■ Data section:
──────────

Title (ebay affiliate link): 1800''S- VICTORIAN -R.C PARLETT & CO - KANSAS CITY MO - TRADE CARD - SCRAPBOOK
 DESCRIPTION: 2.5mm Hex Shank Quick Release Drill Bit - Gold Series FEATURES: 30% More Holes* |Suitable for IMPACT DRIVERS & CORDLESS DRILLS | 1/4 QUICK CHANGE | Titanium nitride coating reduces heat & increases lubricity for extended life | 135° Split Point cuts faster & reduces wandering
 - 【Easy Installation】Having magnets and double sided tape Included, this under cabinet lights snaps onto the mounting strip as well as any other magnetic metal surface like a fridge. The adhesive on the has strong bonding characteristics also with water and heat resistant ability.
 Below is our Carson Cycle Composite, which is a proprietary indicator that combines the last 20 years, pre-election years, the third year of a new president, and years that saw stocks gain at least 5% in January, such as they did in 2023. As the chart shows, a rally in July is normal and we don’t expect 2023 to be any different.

──────────

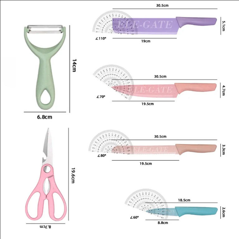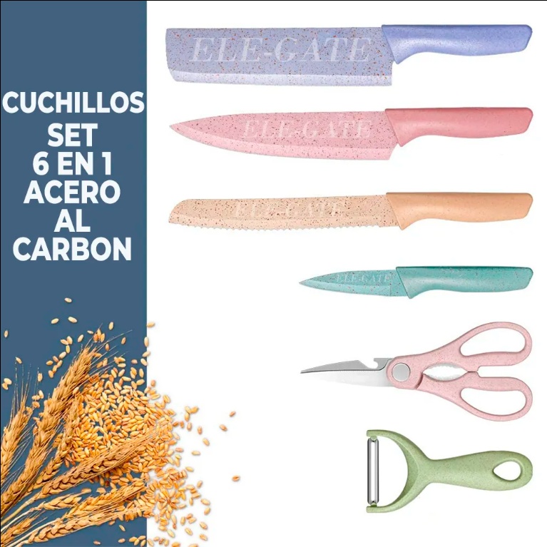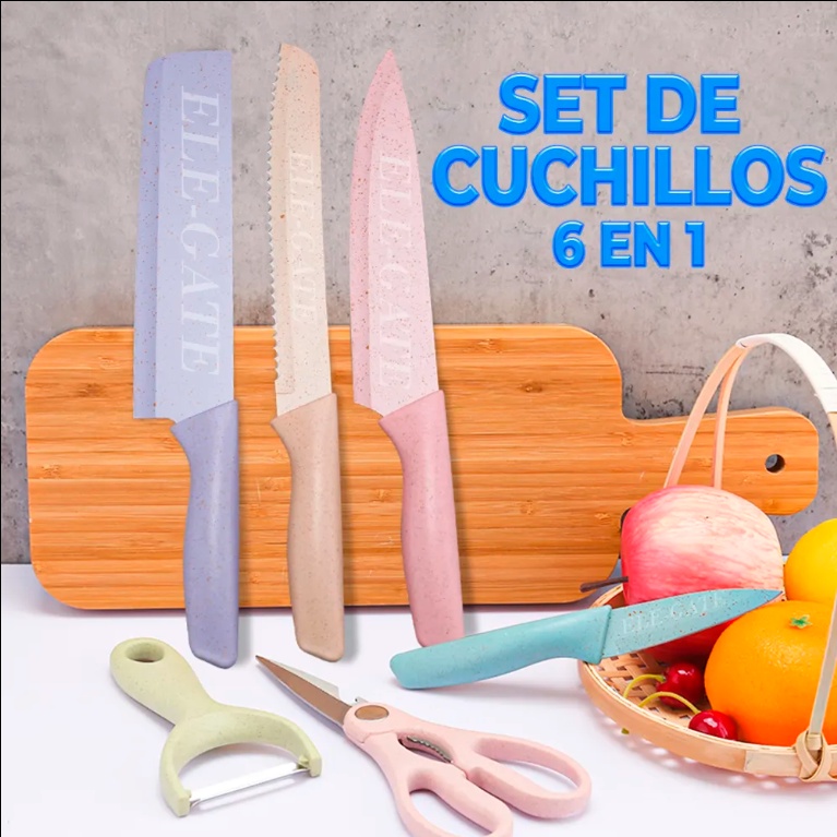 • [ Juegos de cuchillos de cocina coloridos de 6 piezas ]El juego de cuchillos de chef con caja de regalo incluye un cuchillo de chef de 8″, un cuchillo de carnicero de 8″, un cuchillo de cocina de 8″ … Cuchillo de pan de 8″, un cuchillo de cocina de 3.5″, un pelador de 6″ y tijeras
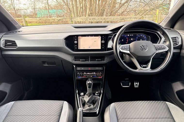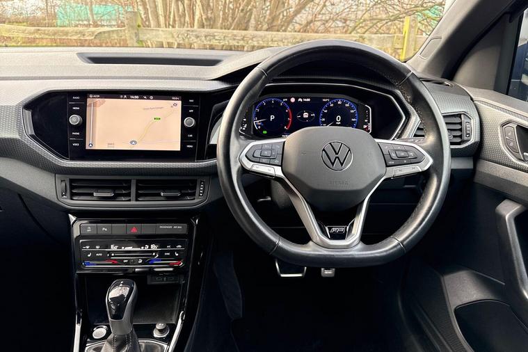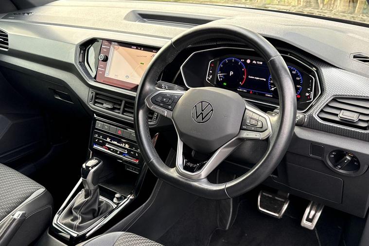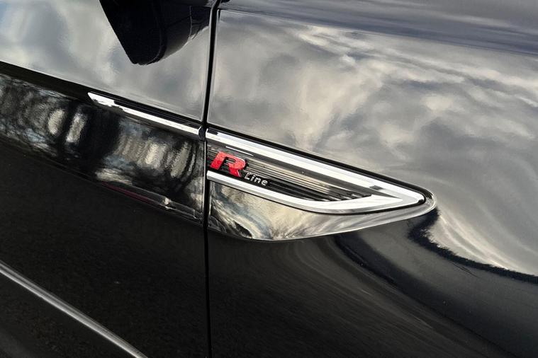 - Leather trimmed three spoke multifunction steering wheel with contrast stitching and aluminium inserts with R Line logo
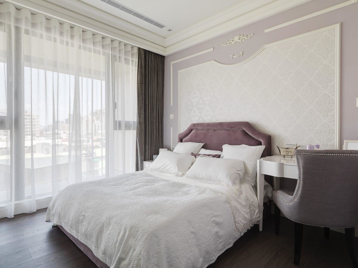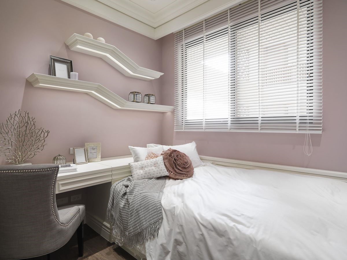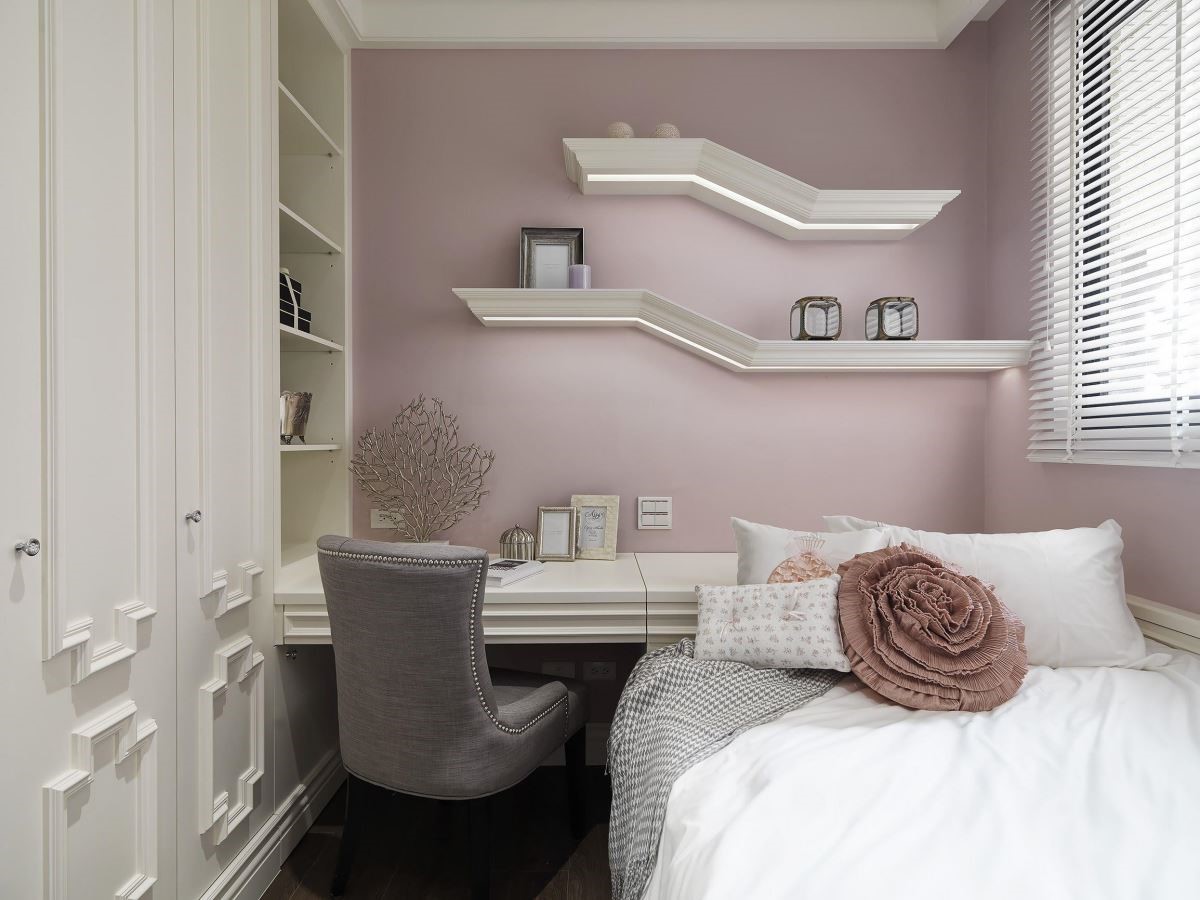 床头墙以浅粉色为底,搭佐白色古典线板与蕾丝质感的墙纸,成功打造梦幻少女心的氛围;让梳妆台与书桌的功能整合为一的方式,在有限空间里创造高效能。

──────────

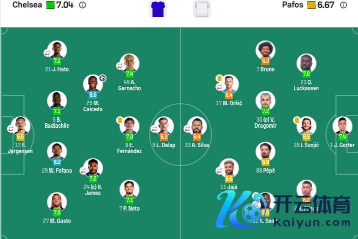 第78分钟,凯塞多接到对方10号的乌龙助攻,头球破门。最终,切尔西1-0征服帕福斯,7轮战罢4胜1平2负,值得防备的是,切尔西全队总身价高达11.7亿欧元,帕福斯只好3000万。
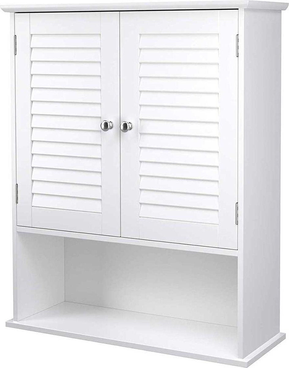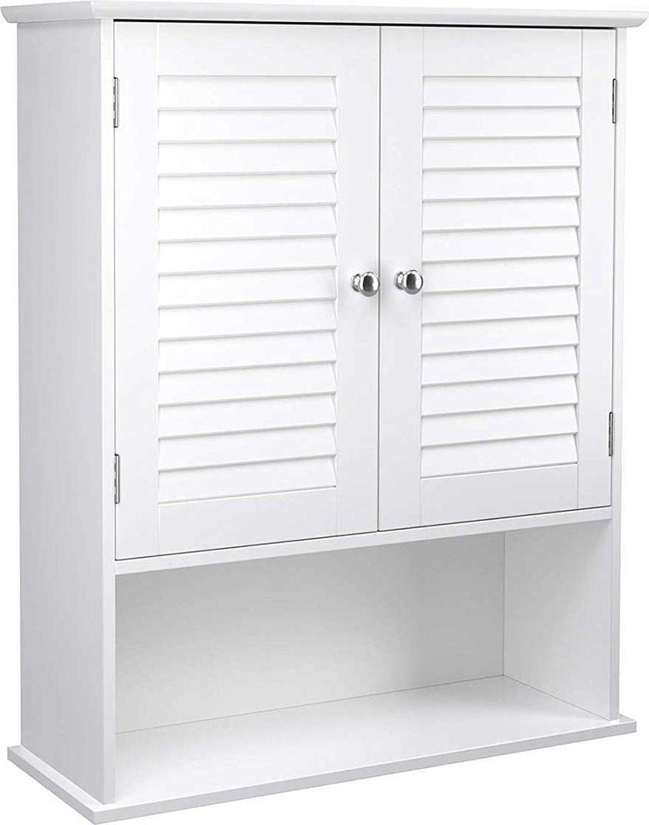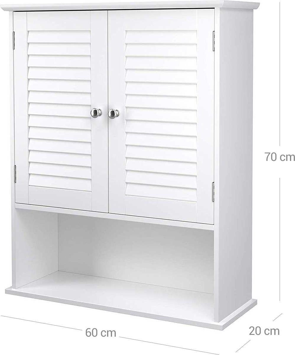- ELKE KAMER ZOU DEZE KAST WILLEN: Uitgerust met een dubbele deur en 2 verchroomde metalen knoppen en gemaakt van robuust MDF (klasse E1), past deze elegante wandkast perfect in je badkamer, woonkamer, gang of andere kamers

──────────

■ Problem requirements: Identify and extract each line of the listing that contains "heat".

■ Solution to this task:
 DESCRIPTION: 2.5mm Hex Shank Quick Release Drill Bit - Gold Series FEATURES: 30% More Holes* |Suitable for IMPACT DRIVERS & CORDLESS DRILLS | 1/4 QUICK CHANGE | Titanium nitride coating reduces heat & increases lubricity for extended life | 135° Split Point cuts faster & reduces wandering
 - 【Easy Installation】Having magnets and double sided tape Included, this under cabinet lights snaps onto the mounting strip as well as any other magnetic metal surface like a fridge. The adhesive on the has strong bonding characteristics also with water and heat resistant ability.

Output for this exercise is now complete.